Dick looked down into the yard. The flat was sixty feet from the ground, and although it was possible that the intruder had climbed the ropes of the service lift, it seemed a feat beyond the power of most burglars.

“He gave you no indication as to who the man was he feared?” asked Sneed, when the rest of the Yard officers had gone back to headquarters.

“No,” Dick shook his head. “He told me nothing. He was scared, and I’m sure his story was perfectly true⁠—namely, that he was engaged to rob a grave, and that he had an idea that the man who made the engagement would have killed him if he had succeeded in his task.”

Dick went down to Lincoln’s Inn Fields that morning and had an interview with Mr. Havelock, who had already read the account in the evening newspapers, though Lew’s strange story was suppressed by the police even at the inquest.

“Yes, I was afraid this might interfere with our plans, but I’m not particular to a week or two, and if you must remain behind for inquiries, I will still further extend the period. Though in a sense the matter is urgent, it is not immediately so.”

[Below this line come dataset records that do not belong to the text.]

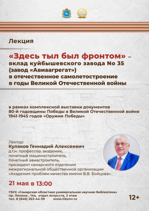 21 мая в 13:00 Самарская областная универсальная научная библиотека приглашает жителей города на открытую лекцию «Здесь тыл был фронтом» о вкладе куйбышевского завода № 35 (завод «Авиаагрегат») в отечественное самолётостроение в годы Великой Отечественной войны.
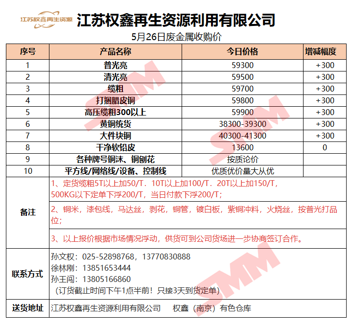 5月26日江苏权鑫 废金属收购报价
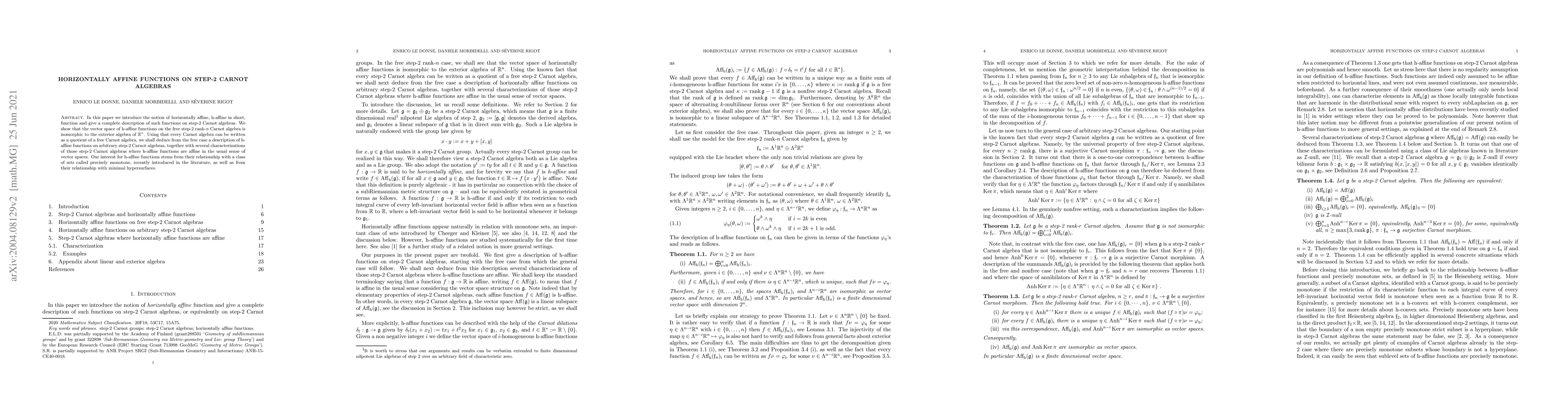 This paper defines horizontally affine (h-affine) functions on step-2 Carnot algebras and demonstrates their isomorphism to the exterior algebra of $\mathbb{R}^n$ for free step-2 rank-$n$ Carnot algebras. It extends this description to arbitrary step-2 Carnot algebras and explores their characterization in relation to monotone sets and minimal hypersurfaces.
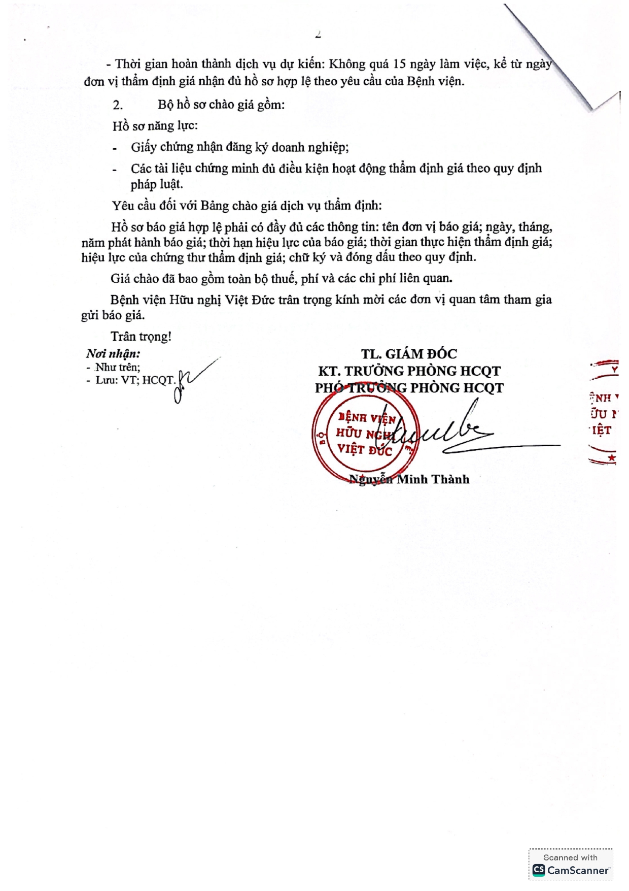 Bệnh viện Hữu nghị Việt Đức có nhu cầu tiếp nhận báo giá để làm cơ sở xác định giá trị tài sản phục vụ công tác thanh lý tài sản theo quy định của Nhà nước hiện hành. Bệnh viện thông báo rộng rãi tới các đơn vị có chức năng thẩm định giá, đủ năng lực, kinh nghiệm cung cấp dịch vụ thẩm định giá gửi chào giá dịch vụ thẩm định giá tài sản/CCDC của Bệnh viện, cụ thể như sau:

There was a conference of Yard officials, and it was agreed that Dick should be allowed to leave England immediately after the inquest, unless an arrest was made, on the understanding that he was to keep in touch with headquarters, so that, should the murderer be found, it would be possible for him to return to give evidence at the trial. This arrangement he conveyed to Mr. Havelock.

The inquest was held on the Friday, and, after Dick’s evidence, adjourned for an indefinite period. On the Saturday morning at twelve o’clock he left England, on the wildest chase that any man had ever undertaken. And behind him, did he but know it, stalked the shadow of death.